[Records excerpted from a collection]
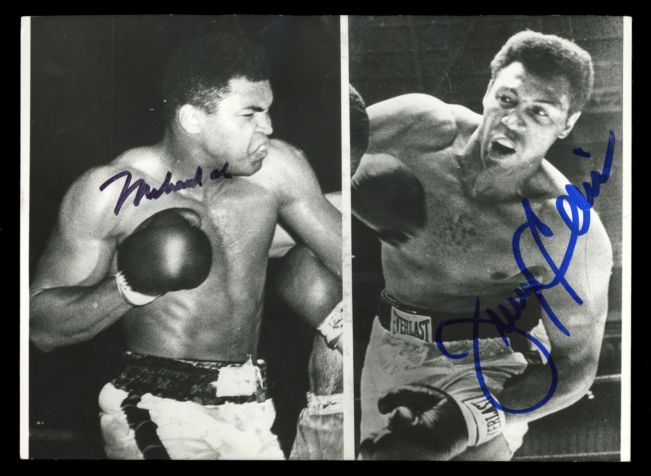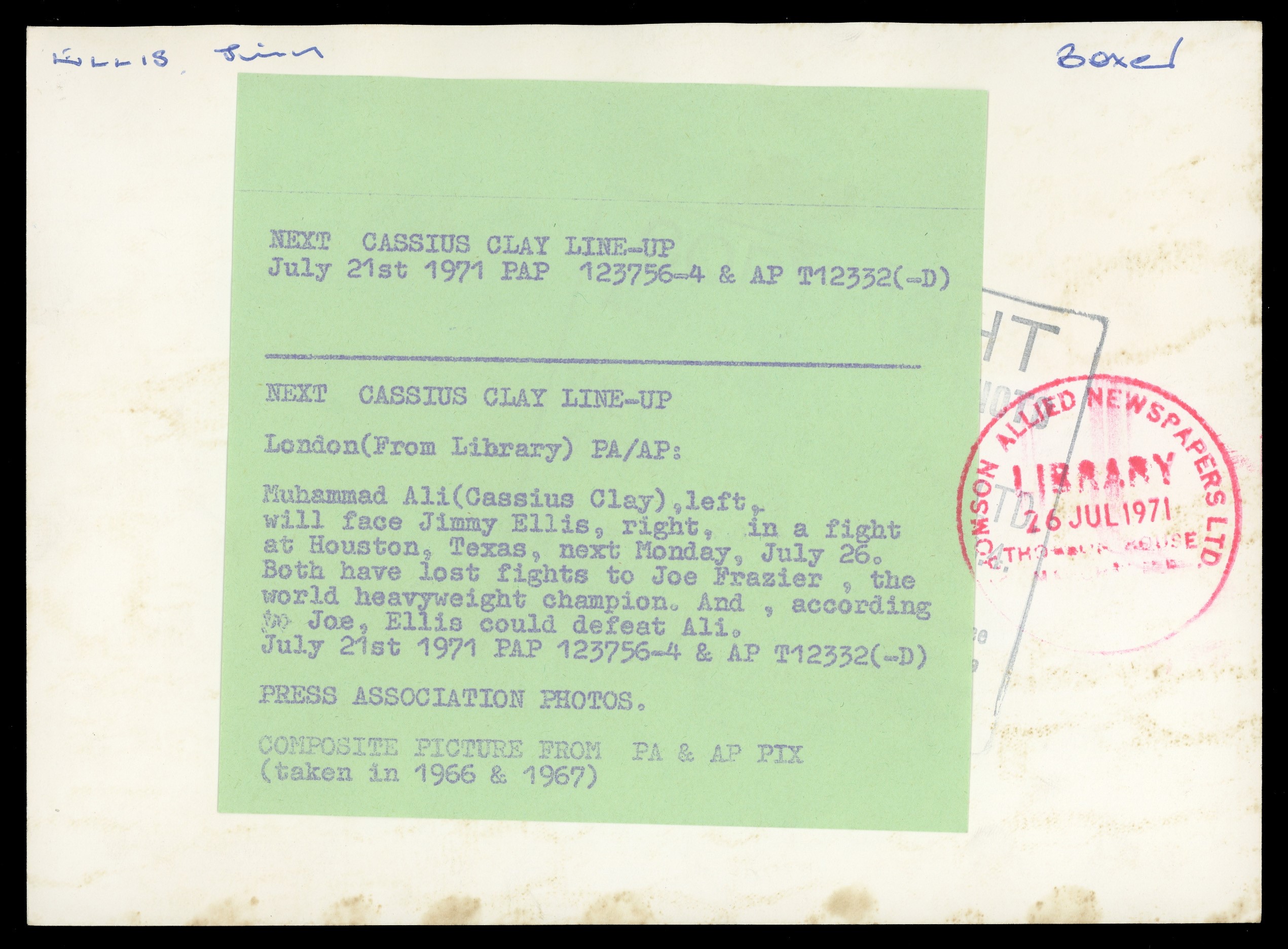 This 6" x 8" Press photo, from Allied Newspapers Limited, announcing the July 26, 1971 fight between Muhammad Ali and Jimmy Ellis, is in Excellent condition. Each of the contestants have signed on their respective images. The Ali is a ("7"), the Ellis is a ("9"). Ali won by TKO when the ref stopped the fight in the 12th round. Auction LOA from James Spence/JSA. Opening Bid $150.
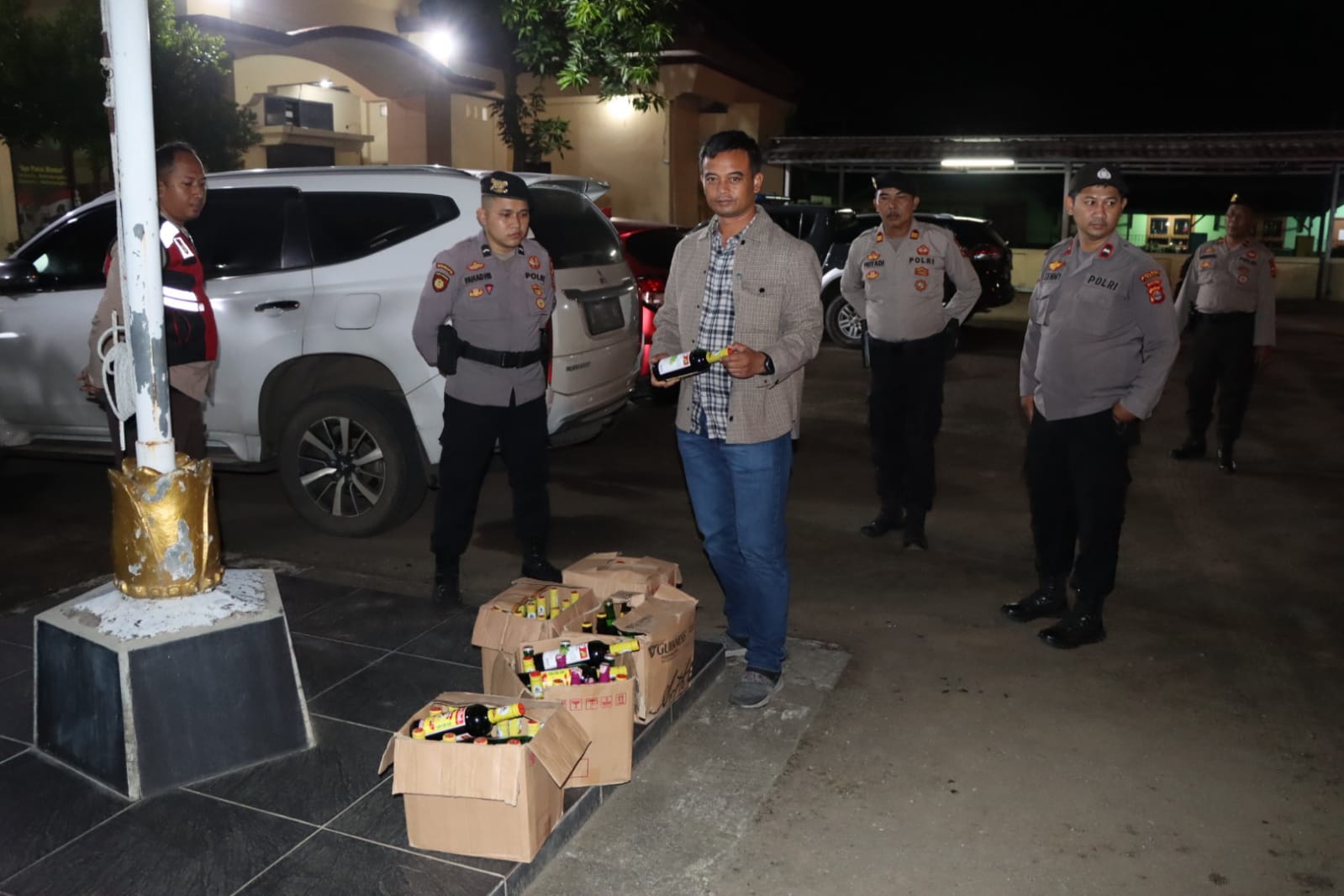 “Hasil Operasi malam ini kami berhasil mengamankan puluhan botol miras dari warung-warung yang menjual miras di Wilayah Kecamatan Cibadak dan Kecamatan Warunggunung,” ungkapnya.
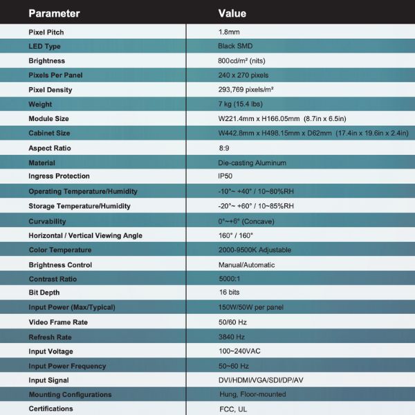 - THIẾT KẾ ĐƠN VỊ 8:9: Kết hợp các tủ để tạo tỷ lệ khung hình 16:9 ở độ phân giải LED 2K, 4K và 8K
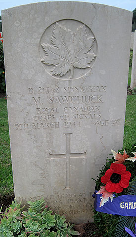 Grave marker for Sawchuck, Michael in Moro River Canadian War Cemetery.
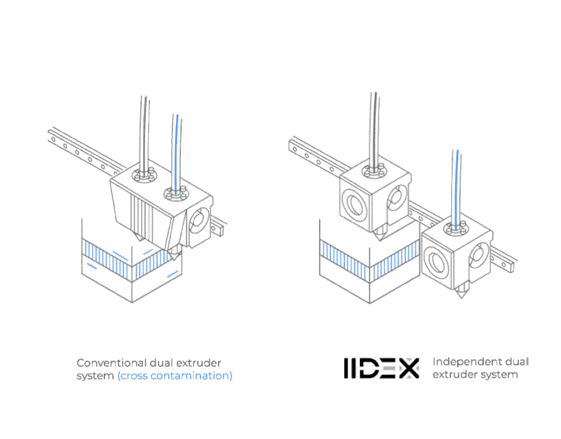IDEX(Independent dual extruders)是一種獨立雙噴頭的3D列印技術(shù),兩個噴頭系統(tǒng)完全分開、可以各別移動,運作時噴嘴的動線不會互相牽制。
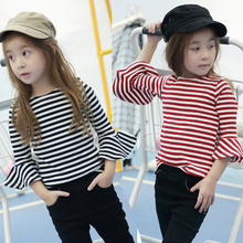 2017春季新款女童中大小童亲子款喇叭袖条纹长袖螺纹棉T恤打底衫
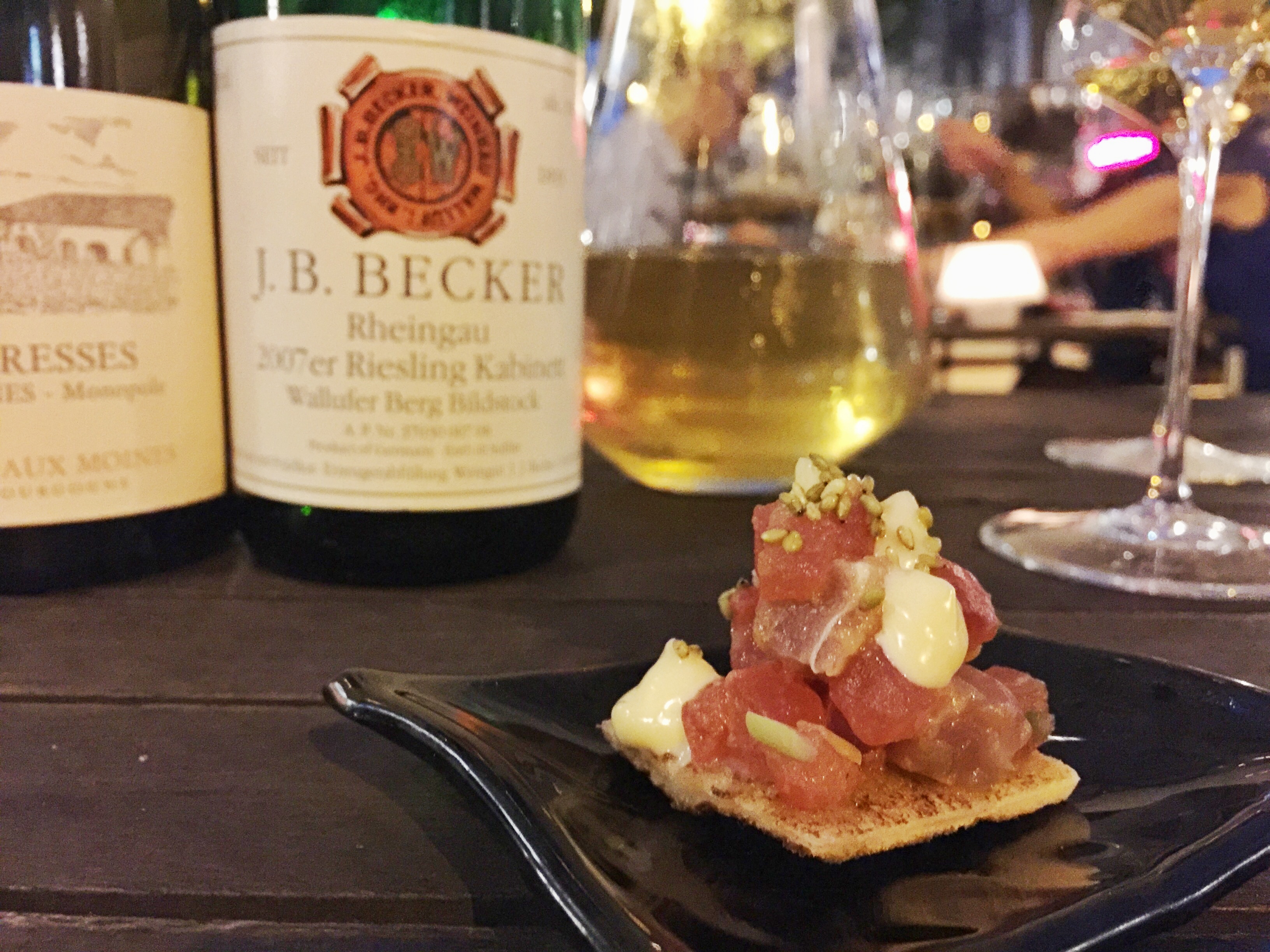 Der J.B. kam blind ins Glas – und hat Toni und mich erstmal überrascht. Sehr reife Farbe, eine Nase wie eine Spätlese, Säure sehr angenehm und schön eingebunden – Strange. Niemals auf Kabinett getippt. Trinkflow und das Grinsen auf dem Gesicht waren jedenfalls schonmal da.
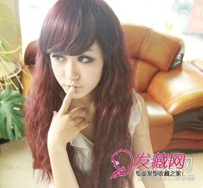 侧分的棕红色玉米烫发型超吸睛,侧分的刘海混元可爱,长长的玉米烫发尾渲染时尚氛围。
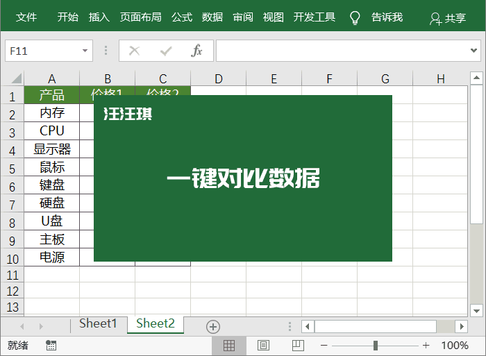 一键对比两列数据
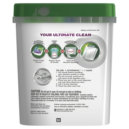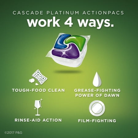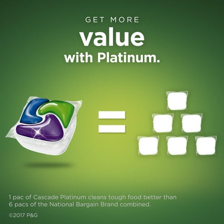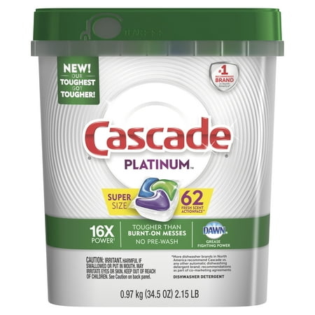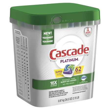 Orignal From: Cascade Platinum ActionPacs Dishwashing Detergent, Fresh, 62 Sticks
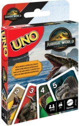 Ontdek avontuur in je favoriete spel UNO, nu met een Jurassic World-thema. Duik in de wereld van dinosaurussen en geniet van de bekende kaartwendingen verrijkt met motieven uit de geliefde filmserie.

* WHAT TO DO *
Return all of the data exactly as written, and drop the pictures.

* SOLUTION TO THE PROBLEM *
 This 6" x 8" Press photo, from Allied Newspapers Limited, announcing the July 26, 1971 fight between Muhammad Ali and Jimmy Ellis, is in Excellent condition. Each of the contestants have signed on their respective images. The Ali is a ("7"), the Ellis is a ("9"). Ali won by TKO when the ref stopped the fight in the 12th round. Auction LOA from James Spence/JSA. Opening Bid $150.
 “Hasil Operasi malam ini kami berhasil mengamankan puluhan botol miras dari warung-warung yang menjual miras di Wilayah Kecamatan Cibadak dan Kecamatan Warunggunung,” ungkapnya.
 - THIẾT KẾ ĐƠN VỊ 8:9: Kết hợp các tủ để tạo tỷ lệ khung hình 16:9 ở độ phân giải LED 2K, 4K và 8K
 Grave marker for Sawchuck, Michael in Moro River Canadian War Cemetery.
IDEX(Independent dual extruders)是一種獨立雙噴頭的3D列印技術(shù),兩個噴頭系統(tǒng)完全分開、可以各別移動,運作時噴嘴的動線不會互相牽制。
 2017春季新款女童中大小童亲子款喇叭袖条纹长袖螺纹棉T恤打底衫
 Der J.B. kam blind ins Glas – und hat Toni und mich erstmal überrascht. Sehr reife Farbe, eine Nase wie eine Spätlese, Säure sehr angenehm und schön eingebunden – Strange. Niemals auf Kabinett getippt. Trinkflow und das Grinsen auf dem Gesicht waren jedenfalls schonmal da.
 侧分的棕红色玉米烫发型超吸睛,侧分的刘海混元可爱,长长的玉米烫发尾渲染时尚氛围。
 一键对比两列数据
 Orignal From: Cascade Platinum ActionPacs Dishwashing Detergent, Fresh, 62 Sticks
 Ontdek avontuur in je favoriete spel UNO, nu met een Jurassic World-thema. Duik in de wereld van dinosaurussen en geniet van de bekende kaartwendingen verrijkt met motieven uit de geliefde filmserie.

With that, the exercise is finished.